The Double Edged Sword: Identifying Authentication Pages and their Fingerprinting Behavior

Asuman
Alisha
Dylan Cutler
WWW '24 (2024)
Google Scholar

Abstract

Browser fingerprinting is often associated with cross-site user tracking, a practice that many browsers (e.g., Safari, Brave, Edge, Firefox and Chrome) want to block. However, less is publicly known about its uses to enhance online safety, where it can provide an additional security layer against service abuses (e.g., in combination with CAPTCHAs) or during user authentication. To the best of our knowledge, no fingerprinting defenses deployed thus far consider this important distinction when blocking fingerprinting attempts, so they might negatively affect website functionality and security.

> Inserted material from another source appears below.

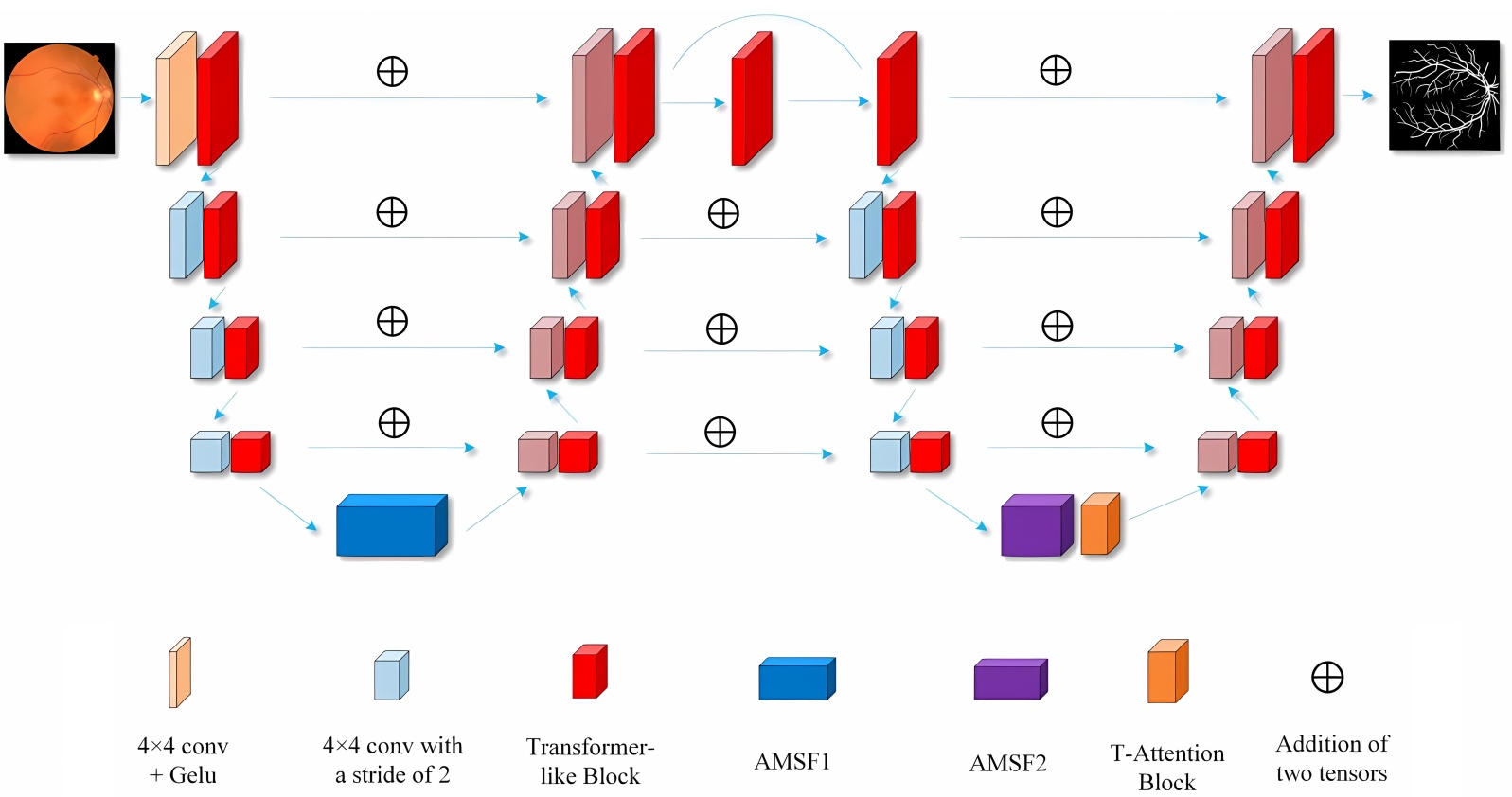 视网膜血管具有极高的尺度动态性,主干血管与毛细血管末梢在图像中的像素表现跨度显著。单一感受野的卷积核难以同时有效捕捉所有尺度的血管。常规的U型网络在瓶颈处通常采用对称或单一尺度的结构,这导致模型在第一阶段容易丢失微小血管特征,而在第二阶段又缺乏对全局背景的有效抑制。虽然多尺度特征融合是常见解决方案,但在网络不同深度(或不同处理阶段),对多尺度信息的需求应有侧重。为此,我们设计了非对称多尺度融合模块,采用非对称策略,分别嵌入在两个阶段的瓶颈处。在第一个阶段,利用小扩张率组合“广泛探测”所有可能的血管候选特征,避免早期丢失微小血管信号;在第二个阶段,在更丰富的上下文和初步分割线索基础上,利用大扩张率与全局路径进行“精准聚焦”和融合,以区分真实血管与噪声,并修正细节。这种设计逻辑确保了模型在不同迭代深度下能够自适应地平衡局部细节与全局语义。两个AMSF模块具有不同的结构,如图3所示。
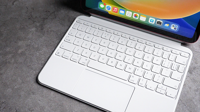 键盘整体为淡白色,相比iPad 10的靓丽配色更加温润,表面则为类肤质的手感。

To address this issue we make three main contributions. First, we propose and evaluate a novel machine learning-based method to automatically identify authentication pages (i.e. sign-in and sign-up pages). Our algorithm -- which relies on a hybrid unsupervised/supervised approach -- achieves 96-98% precision and recall on a large, manually-labelled dataset of 10,000 popular sites. Second, we compare our algorithm with other methods from prior works on the same dataset, showing that it significantly outperforms all of them (+83% F1-score). Third, we quantify the prevalence of fingerprinting scripts across sign-in and sign-up pages (9.2%) versus those executed on other pages (8.9%); while the rates of fingerprinting are similar, home pages and authentication pages differ in the third-party scripts they include and how often these scripts are labeled as tracking. We also highlight the substantial differences in fingerprinting behavior on login and sign-up pages.

Our work sheds light on the complicated reality that fingerprinting is used to both protect user security and invade user privacy, and that this dual nature must be considered by fingerprinting mitigations.